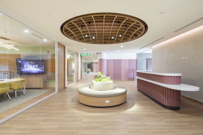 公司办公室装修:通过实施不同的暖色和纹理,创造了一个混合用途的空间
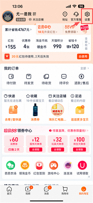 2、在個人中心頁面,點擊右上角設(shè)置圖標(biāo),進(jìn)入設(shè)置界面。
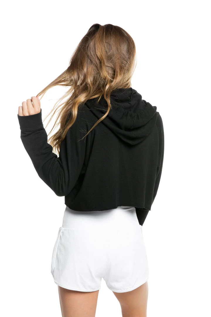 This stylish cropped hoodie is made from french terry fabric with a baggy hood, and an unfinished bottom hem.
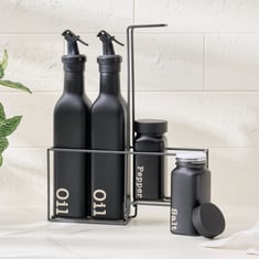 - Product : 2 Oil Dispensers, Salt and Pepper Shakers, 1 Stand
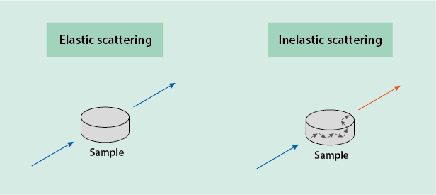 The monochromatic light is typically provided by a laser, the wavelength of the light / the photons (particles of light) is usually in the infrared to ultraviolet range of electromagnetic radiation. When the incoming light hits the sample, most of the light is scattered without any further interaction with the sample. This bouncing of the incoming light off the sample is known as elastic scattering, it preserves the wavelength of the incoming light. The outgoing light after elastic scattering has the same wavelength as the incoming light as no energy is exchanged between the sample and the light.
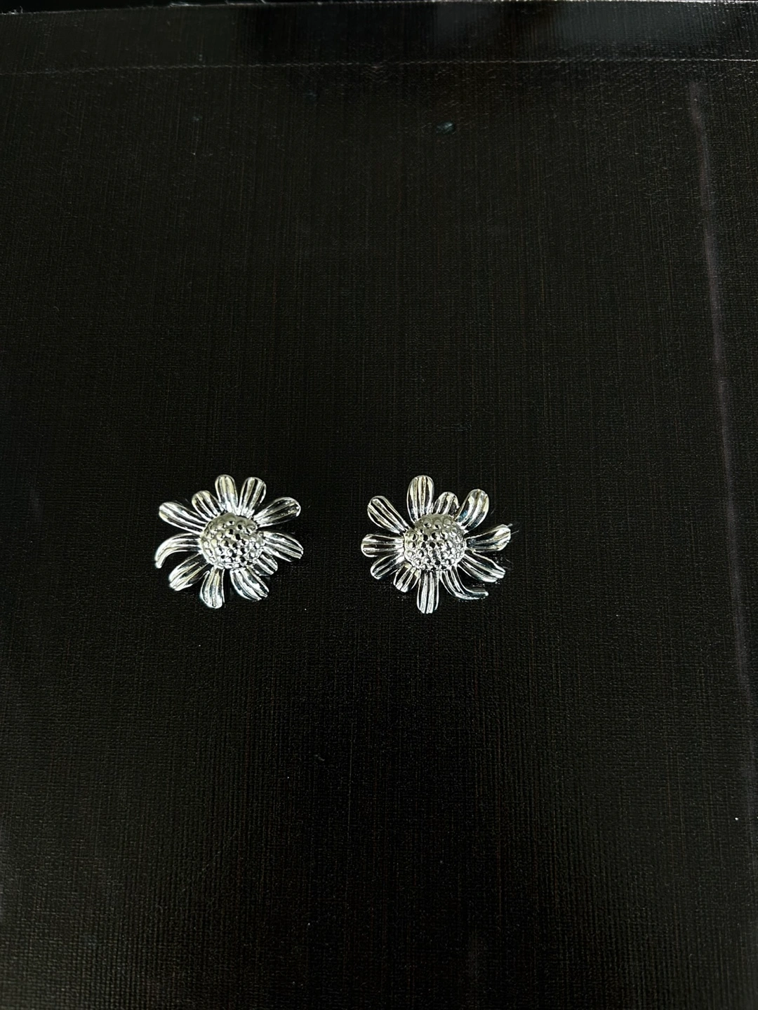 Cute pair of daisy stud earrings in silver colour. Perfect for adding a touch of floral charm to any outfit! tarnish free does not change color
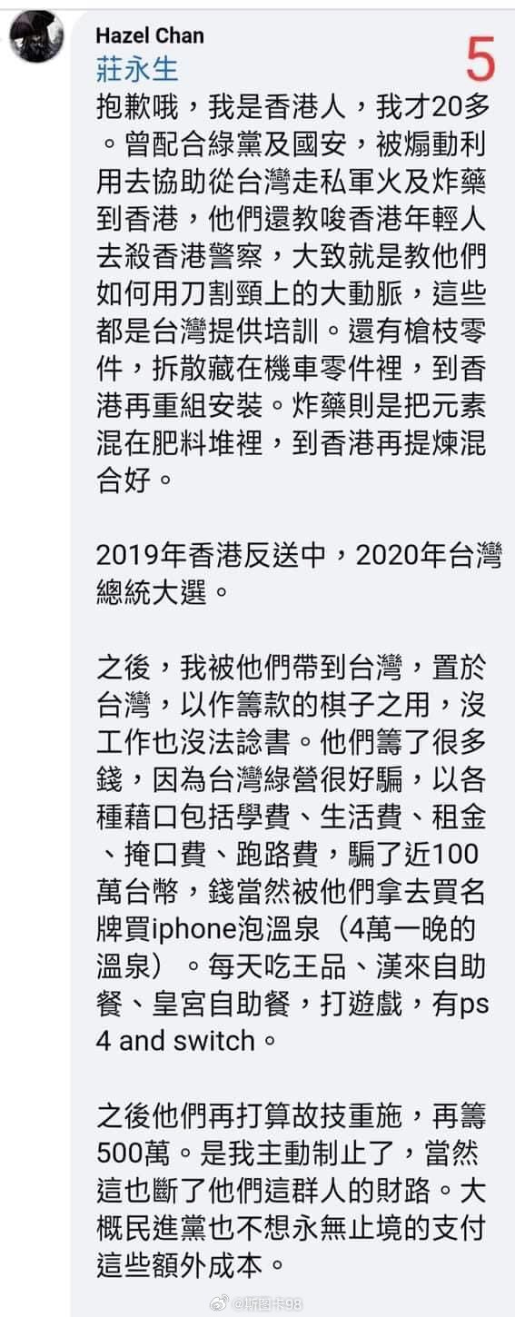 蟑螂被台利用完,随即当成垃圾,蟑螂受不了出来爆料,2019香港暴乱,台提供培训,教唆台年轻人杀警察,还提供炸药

Exercise directions »
Every line above should be returned exactly; the pictures stay out.

Answer space »
 公司办公室装修:通过实施不同的暖色和纹理,创造了一个混合用途的空间
 2、在個人中心頁面,點擊右上角設(shè)置圖標(biāo),進(jìn)入設(shè)置界面。
 This stylish cropped hoodie is made from french terry fabric with a baggy hood, and an unfinished bottom hem.
 - Product : 2 Oil Dispensers, Salt and Pepper Shakers, 1 Stand
 The monochromatic light is typically provided by a laser, the wavelength of the light / the photons (particles of light) is usually in the infrared to ultraviolet range of electromagnetic radiation. When the incoming light hits the sample, most of the light is scattered without any further interaction with the sample. This bouncing of the incoming light off the sample is known as elastic scattering, it preserves the wavelength of the incoming light. The outgoing light after elastic scattering has the same wavelength as the incoming light as no energy is exchanged between the sample and the light.
 Cute pair of daisy stud earrings in silver colour. Perfect for adding a touch of floral charm to any outfit! tarnish free does not change color
 蟑螂被台利用完,随即当成垃圾,蟑螂受不了出来爆料,2019香港暴乱,台提供培训,教唆台年轻人杀警察,还提供炸药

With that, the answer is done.